Okay so I am suposed to evaluate 2 of these: 1.) [tex]\int\sin^3(a\theta)d\theta[/tex] the solution manual looks like it used a trig ID to do this. Why?? Doesn't [tex]\int\sin^3u du=\frac{1}{3}\cos^3u-(\cos u)+C[/tex] ? So just use the u-sub [tex]u=a\theta \Rightarrow du/a=d\theta[/tex] So it should just be [tex]\frac{1}{3a}\cos^3a\theta-\frac{1}{a}\cosa\theta+C[/tex] ? But they got: [tex]-\frac{1}{a}\cos a\theta-\frac{1}{3a}\cos^3a\theta+C[/tex] Why the negative -1/3a ? What did I miss?

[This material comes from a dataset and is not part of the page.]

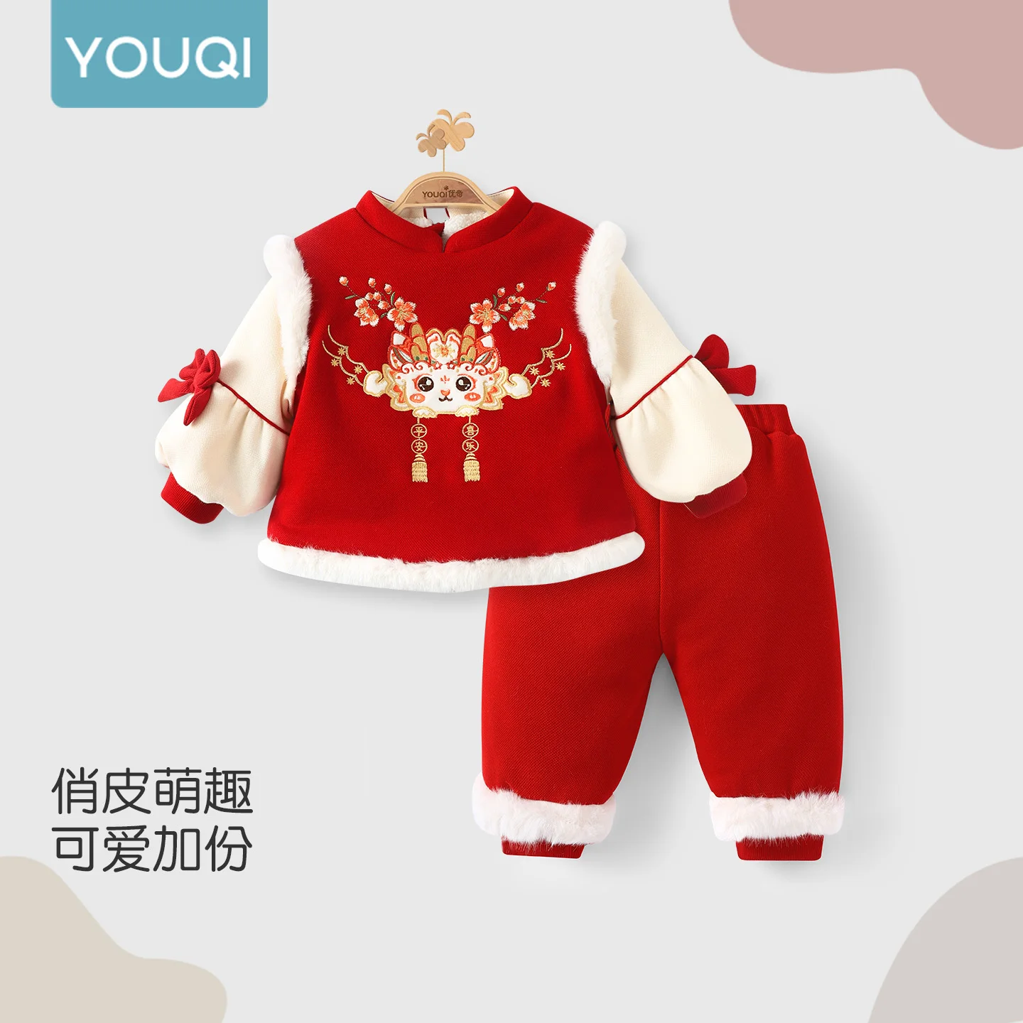 【Youqi】Roupas de bebê chinês para 0-2 anos, roupas de outono e inverno, vestido colete quente forrado de lã para meninas, vestido de princesa, vestido de primeiro aniversário, vestido de inverno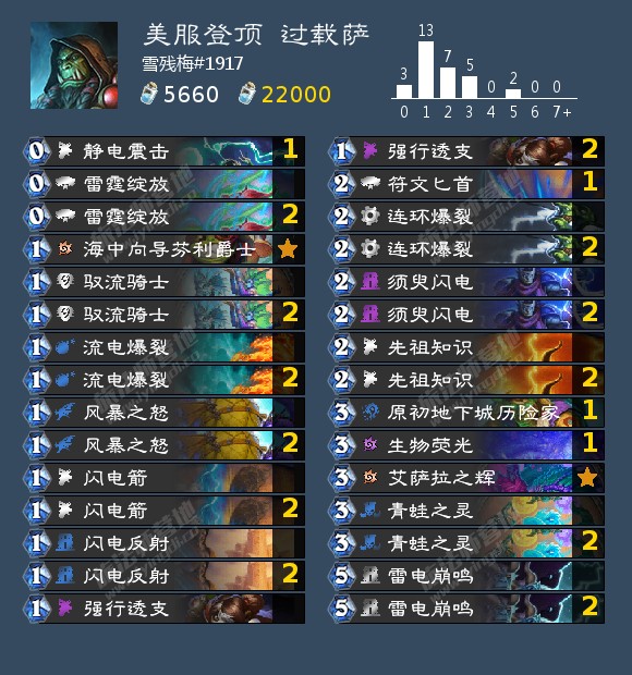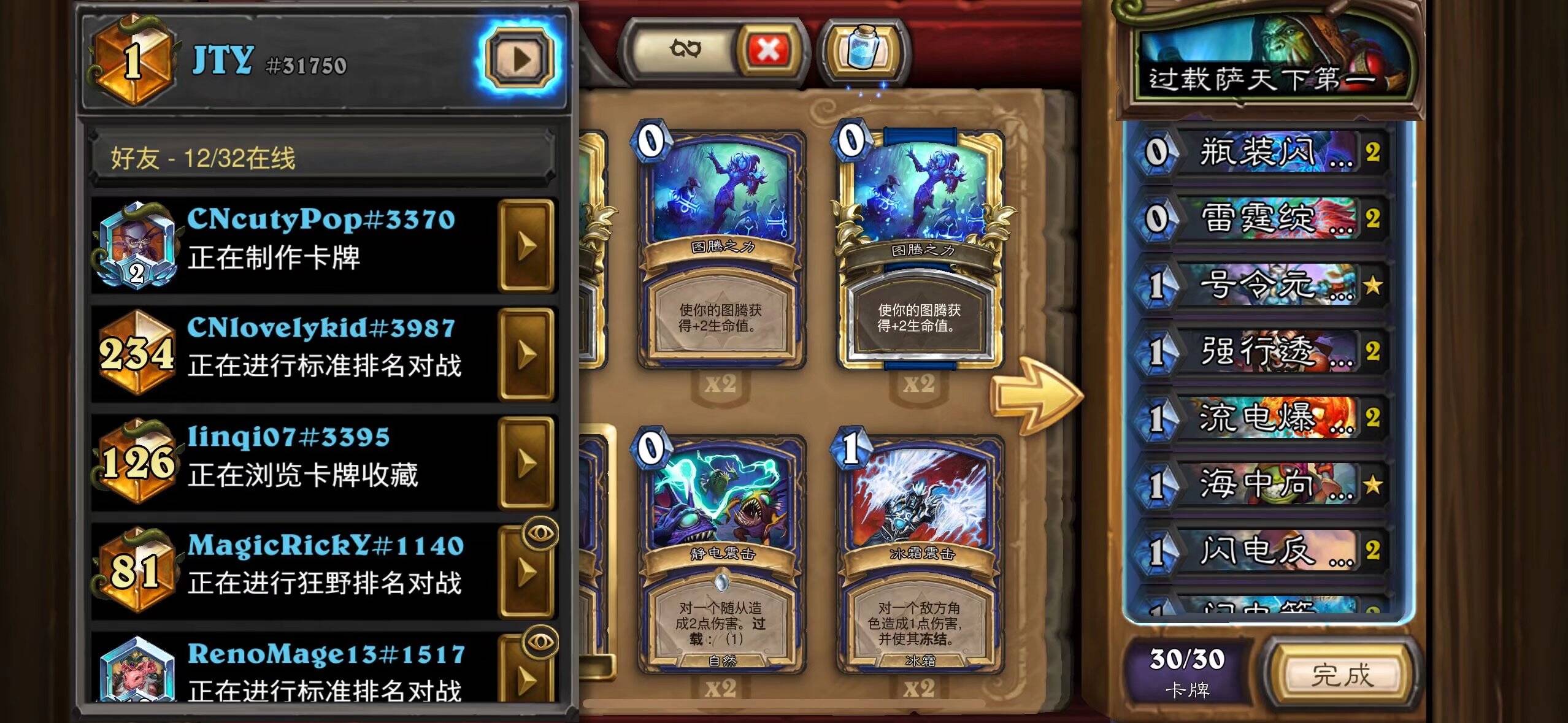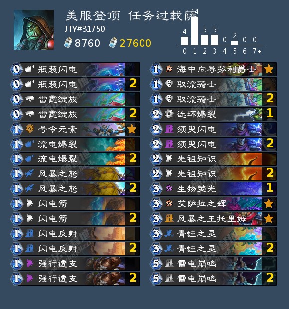 带任务对过载解锁要求比较严谨,新手还是不建议带任务。卡组也不是很虚快攻,因为小解和AOE 比较多,还有比较重要的1费驭流骑士发现牌,除非能够斩杀对面,前期最好找过牌和雷霆绽放或者瓶装闪电,配合3费青蛙之灵能过手牌,有海中向导芬利爵士和风暴之王托里姆,正常卡手几率不是太大,要是卡法术了,那就可以做完任务拍风暴召唤者布鲁坎,正常建议风暴召唤者布鲁坎没场面别做出来,比较怕卑劣的脏鼠,吞噬者穆坦努斯。6费做出风暴召唤者布鲁坎直接拍上,马上可以打出超高斩杀,流电爆裂这张牌我建议前期不要下光,解对面怪可以交闪电箭和闪电风暴,不要担心对面肉斩杀限不够,流电爆裂和生物荧光配合法强可以打出超高爆发,还有解锁的伤害最后打出,基本60血以下轻松秒。要是手里纯卡过载法术了,就想办法下风暴召唤者布鲁坎,很多玩家会觉得法术带的多会卡手,其实做任务差不多是要这么多过载的。

Is it my formula? 2.) For [tex]\int\sin^4(3x)\cos^3xdx[/tex] they went from <---that to [tex]=\int\sin^4(3x)(1-sin^23x)\cos3xdx[/tex] How the hell does that make this problem ANY easier?! Is there a formula for ^^^that! Casey
You're using sin(u) like a variable, and integrating, which will certainly get you nowhere. One thing is that [tex] \int sin(u)^{3}[/tex] does not equal [tex]\frac{1}{3}\cos^3u[/tex]. You're going to have to use u-substitution, as you already have, and almost certainly some integration by parts.
I'll try that now. But why is my formula not producing the correct result if I am using u=a*theta ? Shouldn't it be 1/a *{Pug it in} ?
[tex]\int \sin^3(a\theta)d\theta = \int \sin(a\theta)d\theta - \int \sin(a\theta)\cos^2(a\theta)d\theta[/tex] The first term should be easy for you to integrate, for the second term, try a substitution of [tex]u = \cos(a\theta) \Rightarrow \frac{du}{d\theta} = -a\sin(a\theta) \Rightarrow \sin(a\theta)d\theta = -\frac{1}{a}du[/tex] After which the equation simplifies a little. Use a similar idea for the second one.
So I got it using this. But I am still trying to figure out where I went wrong with the formula. Casey
Seems to me like there is simply a typo in the book (the coefficient of the cos^3 should indeed be positive)
No, it's positive. (1-cos^(x)^2)*sin(x)*dx. u=cos(x), du=-sin(x)*dx. The u^3/3 term comes out with a plus sign.